First stage of strategic planning completed, officials say
Central Michigan University has completed the first phase of strategic planning said Strategic planning co-chairs at Tuesday's Academic Senate meeting.
Claudia Douglass, interim vice provost of Academic Affairs, and Barrie Wilkes, associate vice president of Financial Services and Reporting, presented a report on strategic planning at the meeting.
Wilkes said some of the feedback criticized the old vision statement and mission statement for being too similar, and now the vision statement has been shortened in its fourth draft.
“Central Michigan University, an inclusive community of scholars, is a national leader in higher education inspiring excellence and innovation,” the vision statement reads.
Douglass said Phase 2 of strategic planning will further define the priorities by initiatives and explore ways to achieve the priorities. She said the university is going to use as much of the information that it already has while moving forward with strategic planning.

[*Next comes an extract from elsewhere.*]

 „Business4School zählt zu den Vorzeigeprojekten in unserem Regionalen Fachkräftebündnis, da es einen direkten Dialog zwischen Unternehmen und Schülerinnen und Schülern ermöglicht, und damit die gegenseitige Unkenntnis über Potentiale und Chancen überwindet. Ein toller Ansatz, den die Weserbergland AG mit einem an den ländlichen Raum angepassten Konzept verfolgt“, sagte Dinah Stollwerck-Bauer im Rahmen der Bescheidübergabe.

“We’re not going to reinvent the wheel,” she said. “We’re going to use the data that we have.”
The five priorities outlined in the report are: student success, research and creative activity, quality faculty and staff, community partnerships and infrastructure stewardship.
Pamela Gates, dean of the College of Humanities and Social and Behavioral Sciences, said the university should “go from the ground up” and look at strategic planning immediately at the department level and work to identify how to get resources to do what is needed.

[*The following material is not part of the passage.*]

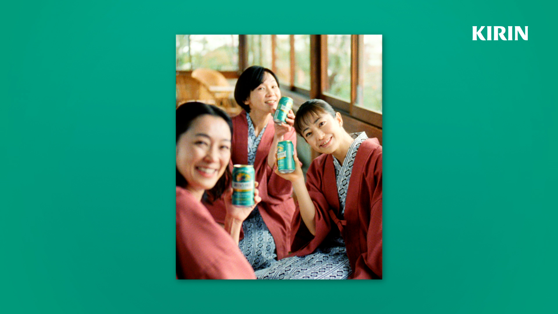 友人たちと温泉旅行中に浴衣姿で「グリーンズフリー」を楽しむ菅野さん。そこから、チキンを片手に味わっている場面やBBQを楽しむ姿、仲間とお好み焼きを焼きながら楽しむ様子も見られます。最後には「毎日をちょっと特別にする、うれしいノンアル。」というナレーションとともに自宅で「グリーンズフリー」を味わっている姿が映し出されます。それぞれの場面が思い出の1枚として写真に収められ、「グリーンズフリー」が日常に特別感を持たせることを伝えています。

University President George Ross presented a report on the fall enrollment numbers, which showed that undergraduate enrollment in fall 2012 was down overall 2.2 percent from last year. Undergraduate on-campus enrollment is down 3.4 percent, while global campus is up 1.4 percent from the fall 2011 semester. He said CMU had anticipated the drop in enrollment, and will take “corrective actions” to address enrollment.
Ross said all community colleges in Michigan lost enrollment and semester credit hours this year. He said he expects all 15 universities in the state will have their enrollment numbers available by the end of September or early October.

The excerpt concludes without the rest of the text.